In Bengal, Left And Congress Are Struggling To Make Their Awkward Marriage Work

28/04/2016 9:06 AM IST | Updated 15/07/2016 8:26 AM IST
Congress vice-president Rahul Gandhi (L) and veteran Communist leader and former West Bengal chief minister Buddhadeb Bhattacharjee talk onstage during a joint rally between Congress and the Left Front political party in Kolkata on April 27, 2016. This is the first time rivals Congress and the Left Front have come together to campaign against the ruling Trinamool Congress in West Bengal's ongoing State assembly elections. / AFP / Dibyangshu SARKAR (Photo credit should read DIBYANGSHU SARKAR/AFP/Getty Images)

Someone please fire the DJ.

It’s a cliché but understandable that the muzak of choice for a political rally in Kolkata will be Rabindrasangeet.

And so it was for the “historic” grand alliance between the Left Front and Congress in Bengal. (This product is not meant for sale in Kerala.)

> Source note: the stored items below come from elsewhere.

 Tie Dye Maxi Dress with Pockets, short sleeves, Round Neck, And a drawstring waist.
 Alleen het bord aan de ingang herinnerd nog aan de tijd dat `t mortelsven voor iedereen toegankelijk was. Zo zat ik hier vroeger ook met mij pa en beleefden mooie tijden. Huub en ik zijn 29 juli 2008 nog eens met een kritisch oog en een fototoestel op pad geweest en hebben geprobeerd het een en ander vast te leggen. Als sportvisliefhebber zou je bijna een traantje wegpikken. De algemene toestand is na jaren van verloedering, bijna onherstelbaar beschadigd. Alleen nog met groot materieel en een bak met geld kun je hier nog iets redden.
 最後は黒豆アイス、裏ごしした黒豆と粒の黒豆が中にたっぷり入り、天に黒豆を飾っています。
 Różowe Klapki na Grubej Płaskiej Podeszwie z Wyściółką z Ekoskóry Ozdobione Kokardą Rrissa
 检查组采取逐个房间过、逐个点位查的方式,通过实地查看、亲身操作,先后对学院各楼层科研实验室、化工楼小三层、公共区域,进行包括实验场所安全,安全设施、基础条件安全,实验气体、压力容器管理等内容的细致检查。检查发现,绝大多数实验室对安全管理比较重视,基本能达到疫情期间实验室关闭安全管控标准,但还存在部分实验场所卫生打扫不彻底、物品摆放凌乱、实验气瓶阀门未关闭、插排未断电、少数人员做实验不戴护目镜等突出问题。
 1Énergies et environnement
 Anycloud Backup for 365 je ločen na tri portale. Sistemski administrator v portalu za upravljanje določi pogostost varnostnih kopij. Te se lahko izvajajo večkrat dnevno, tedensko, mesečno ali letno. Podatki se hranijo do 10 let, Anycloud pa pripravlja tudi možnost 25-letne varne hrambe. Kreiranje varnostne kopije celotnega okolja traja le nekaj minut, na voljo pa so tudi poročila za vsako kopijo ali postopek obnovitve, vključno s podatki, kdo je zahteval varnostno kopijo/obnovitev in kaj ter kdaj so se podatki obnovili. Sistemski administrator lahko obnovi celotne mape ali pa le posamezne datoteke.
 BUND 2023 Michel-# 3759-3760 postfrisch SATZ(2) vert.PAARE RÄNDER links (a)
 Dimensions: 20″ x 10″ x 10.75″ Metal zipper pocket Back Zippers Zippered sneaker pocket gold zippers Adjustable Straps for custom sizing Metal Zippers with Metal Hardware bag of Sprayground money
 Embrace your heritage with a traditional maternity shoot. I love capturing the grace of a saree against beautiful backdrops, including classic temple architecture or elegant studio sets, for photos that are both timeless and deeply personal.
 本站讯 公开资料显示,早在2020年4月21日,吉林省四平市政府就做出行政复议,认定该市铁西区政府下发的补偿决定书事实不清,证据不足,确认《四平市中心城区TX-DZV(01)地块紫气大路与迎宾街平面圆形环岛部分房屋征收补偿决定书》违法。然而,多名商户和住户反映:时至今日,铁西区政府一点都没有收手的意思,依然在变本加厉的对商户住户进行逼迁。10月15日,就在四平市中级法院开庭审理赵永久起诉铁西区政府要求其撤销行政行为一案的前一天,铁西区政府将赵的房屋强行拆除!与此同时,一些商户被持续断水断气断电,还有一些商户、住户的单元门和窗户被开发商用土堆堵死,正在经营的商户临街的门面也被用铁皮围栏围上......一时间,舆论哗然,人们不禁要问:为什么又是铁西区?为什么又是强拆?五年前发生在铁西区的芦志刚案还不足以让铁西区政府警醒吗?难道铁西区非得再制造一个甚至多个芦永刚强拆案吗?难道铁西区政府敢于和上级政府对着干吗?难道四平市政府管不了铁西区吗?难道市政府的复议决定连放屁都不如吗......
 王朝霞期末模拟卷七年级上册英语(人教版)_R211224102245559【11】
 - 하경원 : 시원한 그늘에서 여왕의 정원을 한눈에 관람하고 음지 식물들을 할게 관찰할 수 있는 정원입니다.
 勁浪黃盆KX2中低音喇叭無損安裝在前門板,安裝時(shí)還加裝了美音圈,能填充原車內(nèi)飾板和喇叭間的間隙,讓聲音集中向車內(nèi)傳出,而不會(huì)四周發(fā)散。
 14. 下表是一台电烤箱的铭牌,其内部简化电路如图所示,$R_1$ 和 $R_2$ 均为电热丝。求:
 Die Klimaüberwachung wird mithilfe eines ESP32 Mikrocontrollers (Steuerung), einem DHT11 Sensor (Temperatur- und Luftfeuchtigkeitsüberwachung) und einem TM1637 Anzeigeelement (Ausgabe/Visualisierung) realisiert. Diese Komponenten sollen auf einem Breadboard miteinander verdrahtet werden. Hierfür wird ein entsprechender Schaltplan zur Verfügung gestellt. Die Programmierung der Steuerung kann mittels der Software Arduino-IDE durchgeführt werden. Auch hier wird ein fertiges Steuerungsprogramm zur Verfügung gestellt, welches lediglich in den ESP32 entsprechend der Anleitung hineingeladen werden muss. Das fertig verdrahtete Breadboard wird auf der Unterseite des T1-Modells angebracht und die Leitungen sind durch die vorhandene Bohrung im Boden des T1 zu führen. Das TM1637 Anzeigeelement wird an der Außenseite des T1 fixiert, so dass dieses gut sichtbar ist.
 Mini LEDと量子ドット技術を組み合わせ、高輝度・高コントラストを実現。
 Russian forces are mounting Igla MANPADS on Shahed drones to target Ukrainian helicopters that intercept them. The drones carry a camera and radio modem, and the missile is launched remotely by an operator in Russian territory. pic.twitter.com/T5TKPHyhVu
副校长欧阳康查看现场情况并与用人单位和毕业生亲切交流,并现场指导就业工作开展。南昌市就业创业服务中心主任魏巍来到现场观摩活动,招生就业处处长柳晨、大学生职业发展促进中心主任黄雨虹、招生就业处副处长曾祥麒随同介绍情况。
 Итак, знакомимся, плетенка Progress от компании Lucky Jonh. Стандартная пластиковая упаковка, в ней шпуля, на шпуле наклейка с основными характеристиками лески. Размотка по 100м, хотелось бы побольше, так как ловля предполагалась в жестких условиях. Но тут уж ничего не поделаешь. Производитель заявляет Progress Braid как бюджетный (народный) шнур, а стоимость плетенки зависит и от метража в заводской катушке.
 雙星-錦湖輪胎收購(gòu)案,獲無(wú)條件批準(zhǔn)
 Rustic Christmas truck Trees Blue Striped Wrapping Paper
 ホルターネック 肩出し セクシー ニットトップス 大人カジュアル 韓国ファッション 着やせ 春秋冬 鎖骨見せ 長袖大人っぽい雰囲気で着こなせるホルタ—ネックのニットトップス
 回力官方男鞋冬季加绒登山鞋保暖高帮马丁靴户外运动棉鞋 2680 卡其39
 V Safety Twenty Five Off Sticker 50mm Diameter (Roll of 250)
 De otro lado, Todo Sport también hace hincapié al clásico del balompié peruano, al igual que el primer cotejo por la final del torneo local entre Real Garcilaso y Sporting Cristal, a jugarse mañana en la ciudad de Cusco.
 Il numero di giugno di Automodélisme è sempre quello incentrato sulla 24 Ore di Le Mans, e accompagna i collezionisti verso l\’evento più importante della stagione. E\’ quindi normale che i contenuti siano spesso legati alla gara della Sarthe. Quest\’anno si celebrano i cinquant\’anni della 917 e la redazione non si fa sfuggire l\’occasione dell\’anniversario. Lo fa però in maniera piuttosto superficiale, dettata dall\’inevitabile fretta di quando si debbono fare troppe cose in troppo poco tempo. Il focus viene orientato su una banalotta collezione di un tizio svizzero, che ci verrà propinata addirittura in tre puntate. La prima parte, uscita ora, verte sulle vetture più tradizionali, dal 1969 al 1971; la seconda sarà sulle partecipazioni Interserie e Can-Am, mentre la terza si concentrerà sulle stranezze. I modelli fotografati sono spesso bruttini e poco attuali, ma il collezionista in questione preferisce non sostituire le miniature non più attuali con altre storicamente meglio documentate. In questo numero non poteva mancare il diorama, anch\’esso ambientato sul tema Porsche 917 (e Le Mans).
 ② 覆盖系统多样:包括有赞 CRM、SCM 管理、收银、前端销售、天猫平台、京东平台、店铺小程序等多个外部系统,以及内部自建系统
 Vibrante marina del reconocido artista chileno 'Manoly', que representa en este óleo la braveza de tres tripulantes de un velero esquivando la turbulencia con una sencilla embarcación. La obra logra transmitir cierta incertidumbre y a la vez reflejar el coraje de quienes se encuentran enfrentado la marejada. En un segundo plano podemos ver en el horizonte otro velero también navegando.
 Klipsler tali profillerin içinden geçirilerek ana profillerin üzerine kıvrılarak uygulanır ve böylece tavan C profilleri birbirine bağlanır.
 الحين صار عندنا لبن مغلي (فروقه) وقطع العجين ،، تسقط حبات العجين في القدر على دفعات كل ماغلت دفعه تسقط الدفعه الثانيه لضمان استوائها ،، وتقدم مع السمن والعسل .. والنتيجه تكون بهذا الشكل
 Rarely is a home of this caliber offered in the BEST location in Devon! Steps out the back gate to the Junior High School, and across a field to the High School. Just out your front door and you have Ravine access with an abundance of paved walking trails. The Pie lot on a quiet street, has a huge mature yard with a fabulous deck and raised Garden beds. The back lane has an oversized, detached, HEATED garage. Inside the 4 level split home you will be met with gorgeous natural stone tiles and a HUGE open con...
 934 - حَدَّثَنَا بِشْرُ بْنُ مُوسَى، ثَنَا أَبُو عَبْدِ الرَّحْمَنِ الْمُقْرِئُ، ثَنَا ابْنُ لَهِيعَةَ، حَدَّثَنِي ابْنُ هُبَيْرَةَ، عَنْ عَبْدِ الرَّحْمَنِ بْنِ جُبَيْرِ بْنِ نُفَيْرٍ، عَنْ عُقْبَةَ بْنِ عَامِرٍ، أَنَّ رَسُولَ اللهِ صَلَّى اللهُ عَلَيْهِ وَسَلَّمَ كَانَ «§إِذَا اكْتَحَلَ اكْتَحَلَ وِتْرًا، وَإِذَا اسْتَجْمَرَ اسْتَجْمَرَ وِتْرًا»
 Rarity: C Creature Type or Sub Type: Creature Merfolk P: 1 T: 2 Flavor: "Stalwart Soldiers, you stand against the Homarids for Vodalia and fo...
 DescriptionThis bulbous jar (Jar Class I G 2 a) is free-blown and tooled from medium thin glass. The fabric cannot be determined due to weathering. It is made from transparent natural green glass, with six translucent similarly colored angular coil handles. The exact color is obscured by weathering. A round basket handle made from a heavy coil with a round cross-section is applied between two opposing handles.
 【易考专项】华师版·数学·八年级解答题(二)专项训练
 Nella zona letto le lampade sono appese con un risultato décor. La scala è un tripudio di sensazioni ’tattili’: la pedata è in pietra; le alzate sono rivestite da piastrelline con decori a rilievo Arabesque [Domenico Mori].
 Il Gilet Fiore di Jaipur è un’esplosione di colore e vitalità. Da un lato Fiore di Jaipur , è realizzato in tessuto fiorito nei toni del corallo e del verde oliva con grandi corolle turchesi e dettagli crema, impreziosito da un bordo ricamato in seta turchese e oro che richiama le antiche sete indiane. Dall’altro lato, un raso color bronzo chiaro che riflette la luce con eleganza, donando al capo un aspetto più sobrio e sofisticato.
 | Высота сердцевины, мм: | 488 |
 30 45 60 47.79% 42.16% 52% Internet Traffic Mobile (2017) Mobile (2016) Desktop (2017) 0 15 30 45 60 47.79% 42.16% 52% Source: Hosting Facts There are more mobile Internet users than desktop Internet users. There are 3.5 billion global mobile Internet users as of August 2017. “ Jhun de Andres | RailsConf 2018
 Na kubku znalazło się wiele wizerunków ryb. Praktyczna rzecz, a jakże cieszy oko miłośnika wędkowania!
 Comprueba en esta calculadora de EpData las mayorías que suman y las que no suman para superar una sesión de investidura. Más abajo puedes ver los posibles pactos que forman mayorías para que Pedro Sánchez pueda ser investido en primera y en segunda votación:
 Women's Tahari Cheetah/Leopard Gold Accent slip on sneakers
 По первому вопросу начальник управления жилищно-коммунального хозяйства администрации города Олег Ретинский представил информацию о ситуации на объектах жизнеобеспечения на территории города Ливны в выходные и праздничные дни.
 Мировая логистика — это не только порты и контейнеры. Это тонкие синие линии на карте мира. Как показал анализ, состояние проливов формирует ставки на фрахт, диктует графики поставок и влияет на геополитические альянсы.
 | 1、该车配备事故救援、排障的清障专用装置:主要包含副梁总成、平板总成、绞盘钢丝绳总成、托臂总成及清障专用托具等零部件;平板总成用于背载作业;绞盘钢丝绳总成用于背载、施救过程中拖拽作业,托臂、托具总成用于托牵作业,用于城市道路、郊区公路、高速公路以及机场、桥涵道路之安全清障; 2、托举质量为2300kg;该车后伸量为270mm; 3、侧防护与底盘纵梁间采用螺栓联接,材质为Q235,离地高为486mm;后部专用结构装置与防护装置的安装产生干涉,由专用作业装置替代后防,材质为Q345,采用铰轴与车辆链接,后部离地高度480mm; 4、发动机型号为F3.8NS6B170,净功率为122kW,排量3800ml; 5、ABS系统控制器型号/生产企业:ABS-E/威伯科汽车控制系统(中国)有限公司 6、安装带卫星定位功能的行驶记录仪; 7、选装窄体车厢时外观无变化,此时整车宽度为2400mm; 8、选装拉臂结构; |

But really, who chose Jodi Tor Daak Shuney Keu Na Aashey, Tobey Ekla Chalo Re? (If no one answers your call, then go it alone)?

That hardly struck the most optimistic note as Rahul Gandhi and Buddhadeb Bhattacharjee, Congress’ future and CPM’s past, came together finally on one stage to try and change Bengal’s present.

On a baking hot afternoon in Kolkata, one thing was clear. If this “jot” or understanding is a marriage (and there was a giant garland shared between the two to solemnize it), it’s more of an arranged marriage than a love marriage.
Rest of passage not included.